In order to make transition slightly smoother, once we finally reach it, we could create standalone functions now with expected type signatures, that will eventually travel into the Prim type class:

sizeOfProxy# :: Prim a => Proxy# a -> Int#
sizeOfProxy# _ = sizeOfType# (Proxy @a)

alignmentOfProxy# :: Prim a => Proxy# a -> Int#
alignmentOfProxy# _ = alignmentOfType# (Proxy @a)
chessai commented 1 year ago

I think that having an API in a core library that differs with ghc version is a horrible idea, because it also forces users of primitive to use CPP as well. Moreover, if support for multiple versions of primitive is needed then CPP is required for both the library version and the ghc version. It's just a mess that is not worth the benefits that Proxy# brings to the table.

Good point, I agree now that we should just go with Proxy over Proxy#.

I suggest we migrate to Proxy# only when we officially drop support for GHC-8.8, which I doubt is going to happen for another few years (we barely dropped 7.10 last year)

I will add that the reason 7.10 was dropped so late was because core libraries were unmaintained for so long, not because it was decided that it was the best time to do so (rather that it was overdue). But migrating to Proxy# once GHC-8.8 support is dropped seems the least burden on users with wider support windows/un-upgraded compilers.

In order to make transition slightly smoother, once we finally reach it, we could create standalone functions now with expected type signatures, that will eventually travel into the Prim type class:

sizeOfProxy# :: Prim a => Proxy# a -> Int#
sizeOfProxy# _ = sizeOfType# (Proxy @a)

alignmentOfProxy# :: Prim a => Proxy# a -> Int#
alignmentOfProxy# _ = alignmentOfType# (Proxy @a)

That sounds like a good idea to me. Names seem fine too.

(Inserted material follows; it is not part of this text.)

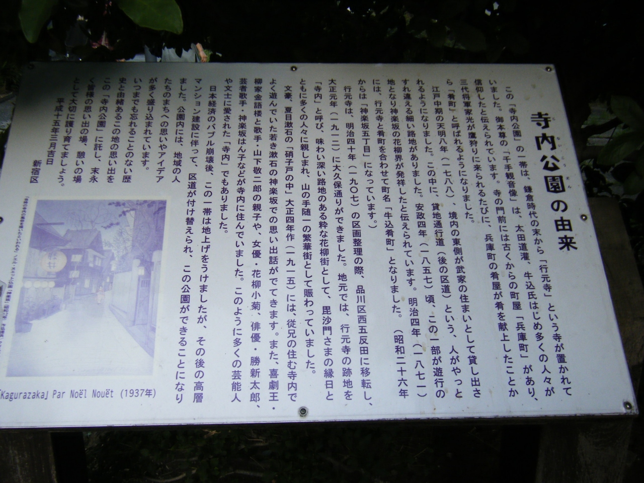 寺内公園(じないこうえん)は神楽坂の住宅街に囲まれた場所にある公園です。公園といっても子供たちが遊ぶそうな遊具などがあるような公園ではなく、腰を掛けることができる椅子のような石と緑があるだけの小さな広場といった感じの場所でした。鎌倉時代からこの地には行元寺というお寺がありましたが、明治時代に入り区画整理で行元寺は五反田に移転してしまったそうです。移転後も行元寺の跡地は「寺内」と呼ばれ、地域の方々に大切にされ、それが現在の寺内公園となり今に至ります。そういった深い歴史があり、大切にされてきた場所という事がわかり心が温かくなりました。

andrewthad commented 1 year ago

This looks good. My only request is the we change from this:

-- | A dummy value of type @a@.
dummy :: a
dummy = errorWithoutStackTrace "dummy"

to this:

-- | A dummy value of type @a@.
dummy :: a
{-# noinline dummy #-}
dummy = errorWithoutStackTrace "Data.Primitive.Types: implementation mistake"

And then if something ever goes badly wrong, the end user gets a much better clue about what is wrong.

konsumlamm commented 1 year ago

I changed the error message to Data.Primitive.Types: implementation mistake in `Prim` instance, since dummy only gets evaluated if there is a wrong implementation of a Prim instance. The NOINLINE pragma was already there.